** Problem to work on **
An exact copy of every record is needed, with all pictures omitted.

** Data for review **

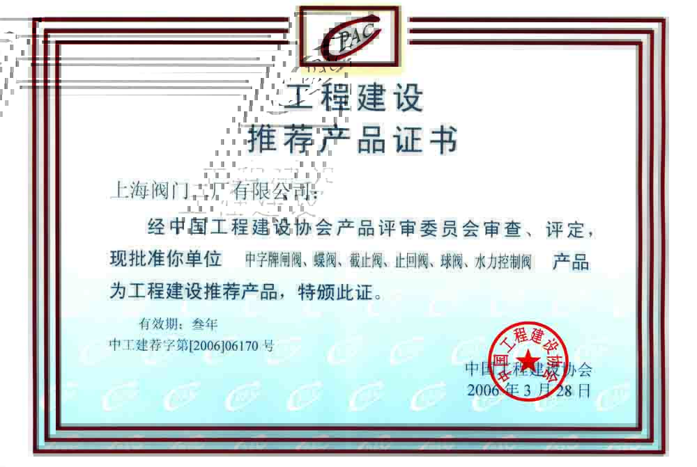 工程建设推荐产品证书(新)
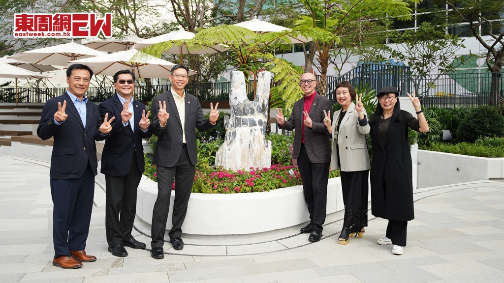 位處荃灣西核心地段的如心園,門外擺放了巨型、點題的如心石,將成為其 中一個打卡熱點。華懋集團執行董事兼行政總裁蔡宏興(左二)、如心園建築 師及策展人陳麗喬博士(右)及首席修復顧問陳承緯(左一),亦在此留影。
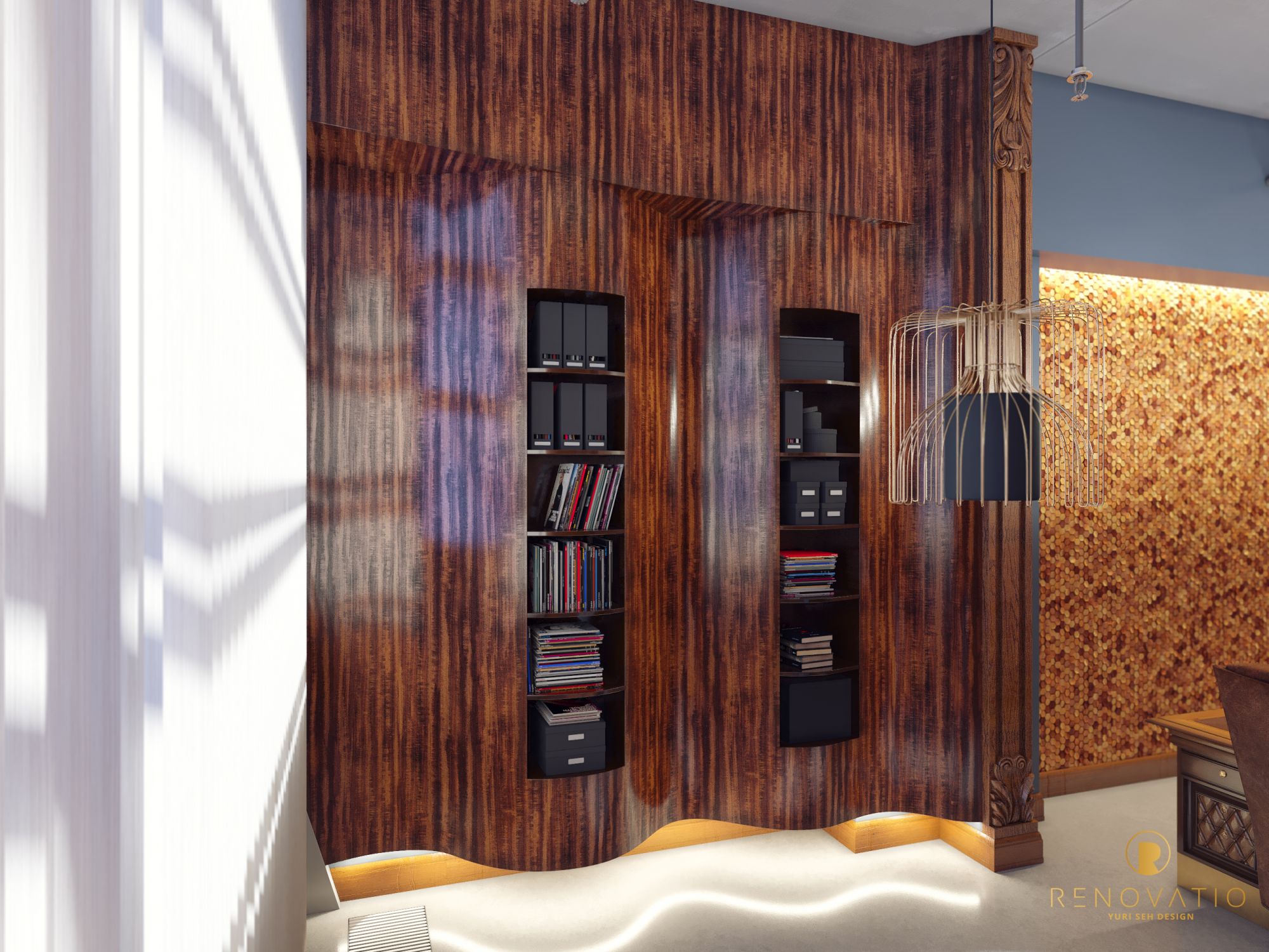 In the office, it was possible to harmoniously combine various types of material, ergonomic shapes and visual lightness. Fusion is a laconic style where you can combine various textures.
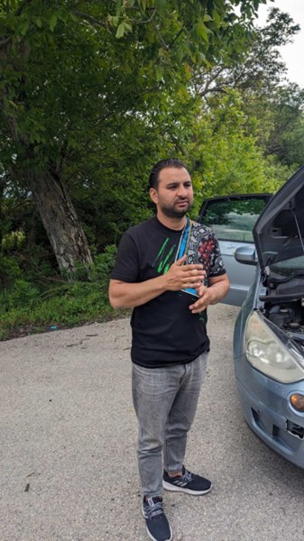 „ВНИМАНИЕ! Измамник на пътя. Въпросният индивид от снимките спира колите за помощ. Казва, че са им откраднали чантата с документите и парите, и иска пари, за да зареди гориво и да се прибере в родната Румъния, в замяна дава фалшиви бронзови бижута с печати, който клъвне. Вчера беше преди град Бяла днес се е преместил между Долни Дъбник и Горни Дъбник,“ пише Стилян Куташки, който прилага и снимки на измамника и автомобила му.
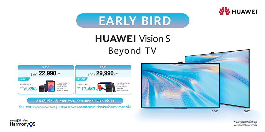สำหรับลูกค้าที่สั่งจอง HUAWEI Vision S รุ่น 55 นิ้ว ราคา 22,990 บาท และรุ่น 65 นิ้ว ราคา 29,990 บาท ตั้งแต่วันที่ 19 ธันวาคม 2564 – 9 มกราคม 2565 ที่ HUAWEI Experience Store, HUAWEI Store และร้านค้าตัวแทนจำหน่ายที่ร่วมรายการเท่านั้น รับของสมนาคุณสุดคุ้มมูลค่าสูงสุด 11,480 บาท* ได้แก่ กล่องรับสัญญาณ True ID Box และ HUAWEI MatePad 4 GB + 64 GB โดยสามารถติดตามรายละเอียดเพิ่มเติมเกี่ยวกับผลิตภัณฑ์ได้ที่ HUAWEI Store หรือผ่านช่องทางของตัวแทนจำหน่ายอย่างเป็นทางการทั้ง JD Central, Shopee และ Lazada
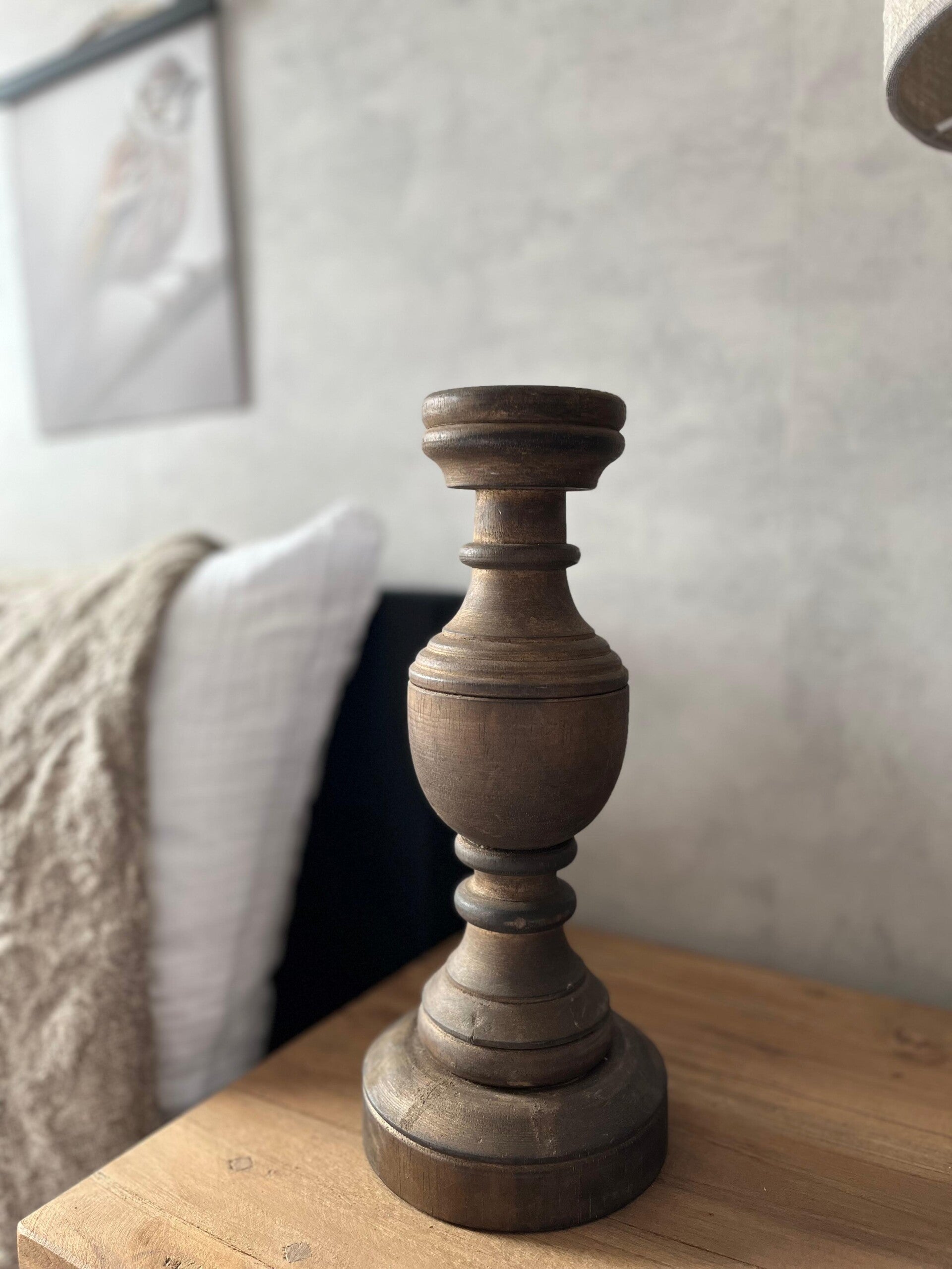 Breng een vleugje rustieke charme in uw interieur met onze prachtige kaarshouder met een bronzen afwerking. Deze unieke lampenvoet is vervaardigd uit hoogwaardig materiaal en heeft een sfeervolle, vergrijsde afwerking die perfect past bij de landelijke stijl.
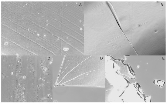 (A) F1 film surface before folding, (B) folding line without signs of crack on F1 surface, (C) F6 film surface before folding, (D) crack on F6 surface after one-fold-time, (E) F6 film fragments after cracking.
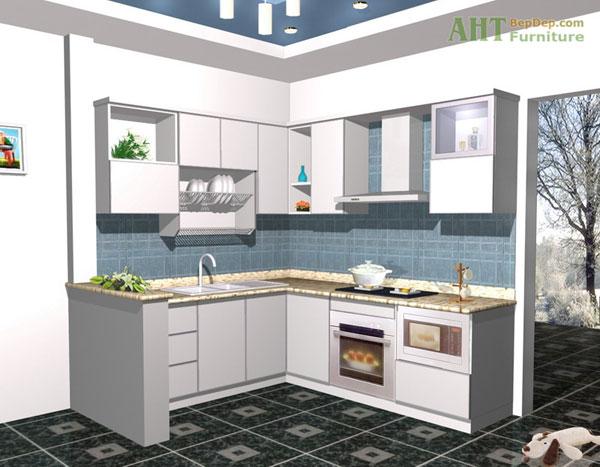 Tủ bếp gỗ Acrylic chữ L thiết kế độc đáo với màu trắng sang trọng – TBT1971
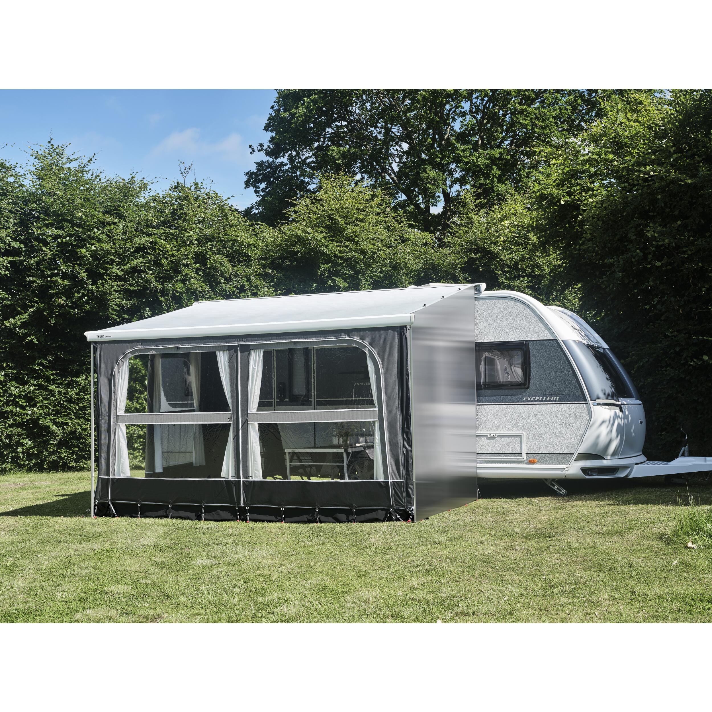 Les deux panneaux latéraux et la façade créent un espace de vie fermé sous la marquise de votre camping-car. De puissants aimants solidarisent le toit et les panneaux latéraux de la marquise, et la façade s’installe facilement grâce à une fermeture éclair. Vous pouvez placer Buddy sur la marquise là où vous voulez. Il vous offre la possibilité unique de créer à la fois un espace de vie fermé et une terrasse couverte sous l'auvent marquise du camping-car.
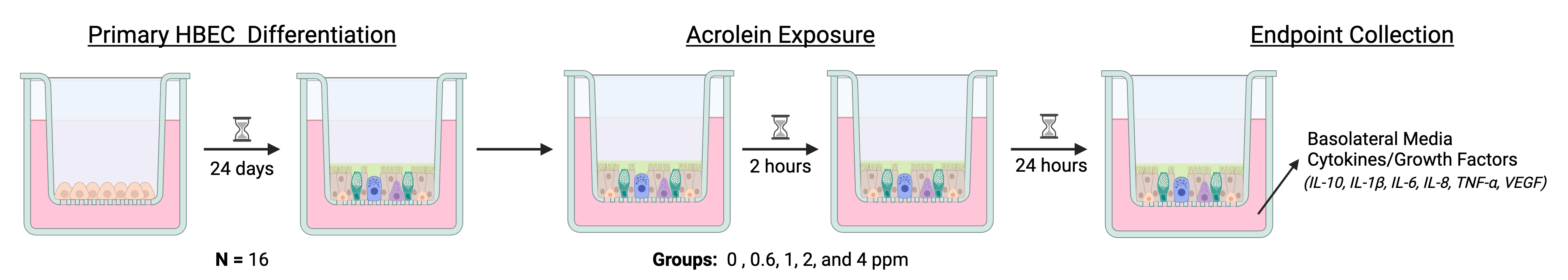 In this experiment, primary human bronchial epithelial cells (HBECs) from sixteen different donors were exposed to the gas acrolein, which is emitted from the combustion of fossil fuels, tobacco, wood, and plastic. Inhalation exposure to acrolein is associated with airway inhalation, and this study aimed to understand how exposure to acrolein changes secretion of markers of inflammation. Prior to experimentation, the HBECs were grown on a permeable membrane support for 24 days with air on one side and liquid media on the other side, allowing them to differentiate into a form that is very similar to what is found in the human body. The cells were then exposed for 2 hours to 0 (filtered air), 0.6, 1, 2, or 4 ppm acrolein, with two technical replicate wells from each donor per dose. Twenty-four hours later, the media was collected, and concentrations of inflammatory markers were measured using an enzyme-linked immunosorbent assay (ELISA).

** Written solution **
 工程建设推荐产品证书(新)
 位處荃灣西核心地段的如心園,門外擺放了巨型、點題的如心石,將成為其 中一個打卡熱點。華懋集團執行董事兼行政總裁蔡宏興(左二)、如心園建築 師及策展人陳麗喬博士(右)及首席修復顧問陳承緯(左一),亦在此留影。
 In the office, it was possible to harmoniously combine various types of material, ergonomic shapes and visual lightness. Fusion is a laconic style where you can combine various textures.
 „ВНИМАНИЕ! Измамник на пътя. Въпросният индивид от снимките спира колите за помощ. Казва, че са им откраднали чантата с документите и парите, и иска пари, за да зареди гориво и да се прибере в родната Румъния, в замяна дава фалшиви бронзови бижута с печати, който клъвне. Вчера беше преди град Бяла днес се е преместил между Долни Дъбник и Горни Дъбник,“ пише Стилян Куташки, който прилага и снимки на измамника и автомобила му.
สำหรับลูกค้าที่สั่งจอง HUAWEI Vision S รุ่น 55 นิ้ว ราคา 22,990 บาท และรุ่น 65 นิ้ว ราคา 29,990 บาท ตั้งแต่วันที่ 19 ธันวาคม 2564 – 9 มกราคม 2565 ที่ HUAWEI Experience Store, HUAWEI Store และร้านค้าตัวแทนจำหน่ายที่ร่วมรายการเท่านั้น รับของสมนาคุณสุดคุ้มมูลค่าสูงสุด 11,480 บาท* ได้แก่ กล่องรับสัญญาณ True ID Box และ HUAWEI MatePad 4 GB + 64 GB โดยสามารถติดตามรายละเอียดเพิ่มเติมเกี่ยวกับผลิตภัณฑ์ได้ที่ HUAWEI Store หรือผ่านช่องทางของตัวแทนจำหน่ายอย่างเป็นทางการทั้ง JD Central, Shopee และ Lazada
 Breng een vleugje rustieke charme in uw interieur met onze prachtige kaarshouder met een bronzen afwerking. Deze unieke lampenvoet is vervaardigd uit hoogwaardig materiaal en heeft een sfeervolle, vergrijsde afwerking die perfect past bij de landelijke stijl.
 (A) F1 film surface before folding, (B) folding line without signs of crack on F1 surface, (C) F6 film surface before folding, (D) crack on F6 surface after one-fold-time, (E) F6 film fragments after cracking.
 Tủ bếp gỗ Acrylic chữ L thiết kế độc đáo với màu trắng sang trọng – TBT1971
 Les deux panneaux latéraux et la façade créent un espace de vie fermé sous la marquise de votre camping-car. De puissants aimants solidarisent le toit et les panneaux latéraux de la marquise, et la façade s’installe facilement grâce à une fermeture éclair. Vous pouvez placer Buddy sur la marquise là où vous voulez. Il vous offre la possibilité unique de créer à la fois un espace de vie fermé et une terrasse couverte sous l'auvent marquise du camping-car.
 In this experiment, primary human bronchial epithelial cells (HBECs) from sixteen different donors were exposed to the gas acrolein, which is emitted from the combustion of fossil fuels, tobacco, wood, and plastic. Inhalation exposure to acrolein is associated with airway inhalation, and this study aimed to understand how exposure to acrolein changes secretion of markers of inflammation. Prior to experimentation, the HBECs were grown on a permeable membrane support for 24 days with air on one side and liquid media on the other side, allowing them to differentiate into a form that is very similar to what is found in the human body. The cells were then exposed for 2 hours to 0 (filtered air), 0.6, 1, 2, or 4 ppm acrolein, with two technical replicate wells from each donor per dose. Twenty-four hours later, the media was collected, and concentrations of inflammatory markers were measured using an enzyme-linked immunosorbent assay (ELISA).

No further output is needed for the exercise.